The results presented on this website are based upon Siteimprove's Accessibility Digital Certainty Index™ (DCI). The accessibility DCI is a metric developed by Siteimprove to indicate the level of a website’s accessibility.

Siteimprove’s automated accessibility checks are based on techniques used to evaluate conformance to the Web Content Accessibility Guidelines (WCAG) success criteria.

The DCI Accessibility Score is a quantitative ratio value based on a combination of automatically tested properties that indicates the level of accessibility barriers identified for a given website, and therefore, is not a conformance level score.

The Algorithm

To generate a balanced metric, and to control sensitivity, Siteimprove designed an algorithm that weights several qualities of the pages across a website. The result is a singular score between one and 100. The higher the score the fewer accessibility barriers are identified.

To aid the interpretation of the score, Siteimprove have identified the following categories:

Very poor

0-50

Poor

51-70

Medium

71-80

Good

81-90

Very good

91-96

World class

97-100

Siteimprove’s automated accessibility checks are based on the Web Content Accessibility Guidelines. The algorithm makes a distinction between errors and warnings to distinguish between failing to meet WCAG success criteria and best practices:

  • Errors: automatically determined failures to meet success criteria in WCAG.
  • Warnings: automatically determined failures to meet best practices in WCAG.

In addition to these two categories, the algorithm distinguishes between checks from A, AA, and AAA conformance levels. (For more information please see article: Levels A, AA, AAA errors in Siteimprove Accessibility explained.)
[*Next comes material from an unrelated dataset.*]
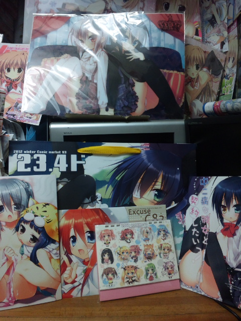 祭社冬コミセット。前回から買い始めたサークルさんなんですが、いまだになぜここのサークルさんが「お気に入り」リストに入っているのかが謎なんですw何がきっかけだったのか。かわいいからいいけど!今回はやっとえっちぃ本を読めるので嬉しいです!!しかもフルカラー!!

With the categories and levels combined, Siteimprove weighs the issues that occur on the website and reflect these using points, which in turn generates the Accessibility score.

 

How are Issues being Weighed?

The majority of issues are being calculated site-wide, meaning that the whole site needs to be free of that particular issue in order to gain all of the points for it.

This table shows how the points are distributed:

WCAG Level Issue Category Weight
A Errors 0.81
Warnings 0.25
AA Errors 0.53
Warnings 0.18
AAA Errors 0.33
Warnings 0.07

Up to 30 points can be gained for resolving all issues on a per page basis with different points available depending on what level the page sites within the site structure.
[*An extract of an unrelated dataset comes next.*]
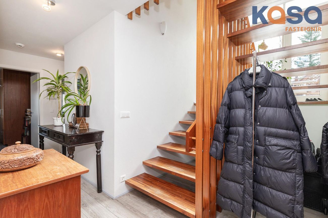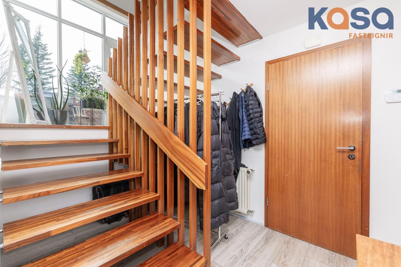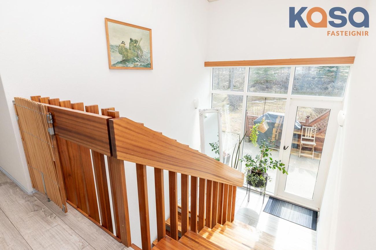 Stigi á milli hæða er úr timbri. Á stigapalli er gengið út á vestur

  • Pages at level 1 (i.e. your homepage) with multiple Level A/AA errors.
  • Pages at level 2 with multiple Level A/AA errors.
  • Pages at level 3+ below with multiple Level A/AA errors.

(To learn more about page levels, see article: How does Siteimprove define Page level?)
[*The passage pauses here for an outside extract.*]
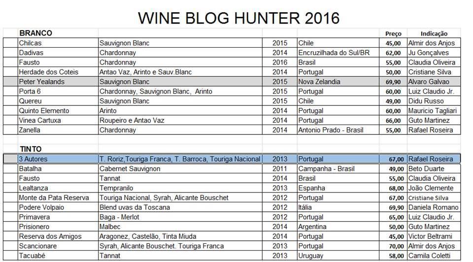 O vencedor na categoria branco foi o Peter Yealands Sauvignon Blanc 2015, Nova Zelândia, com custo de R$69,90, escolhido pelo enoamigo, muito querido, Álvaro Cézar Galvão do Divino Guia – O engenheiro que virou vinho (http://www.divinoguia.com.br), bela escolha, parabéns! Já o tinto foi o 3 Autores Douro 2013, Portugal no valor de R$67,00 escolhido pelo enoamigo Rafael Roseira (http://www.terroirs.com.br), grande vinho!

This table shows the weight of WCAG level issues per page level:

Page Level WCAG Level Issue Weight
Page Level 1 A/AA errors 3.0 / divided among the number of pages
Page Level 2 A/AA errors 6.0 / divided among the number of pages
Page Level 3+ A/AA errors 21.0 / divided among the number of pages

What does the Accessibility Score not include?

  • Issues categorized as reviews: Potential failures to meet best practices or success criteria in the Web Content Accessibility Guidelines (WCAG), which can only be verified with a manual inspection.
  • PDFs with accessibility issues do not impact the sites Accessibility score.

Website Selection

All sites included in this project were collected from publicly available databases.  

The overall accessibility score of each country is calculated by combining the overall accessibility scores of seven industries within the country:

  1. Education
  2. Financial Services
  3. Government
  4. Healthcare
  5. Manufacturing
  6. Retail
  7. Tourism and Hospitality

For each industry, 100 websites (specific to the industry and based in that country) were randomly selected. The first 500 pages of each website were crawled.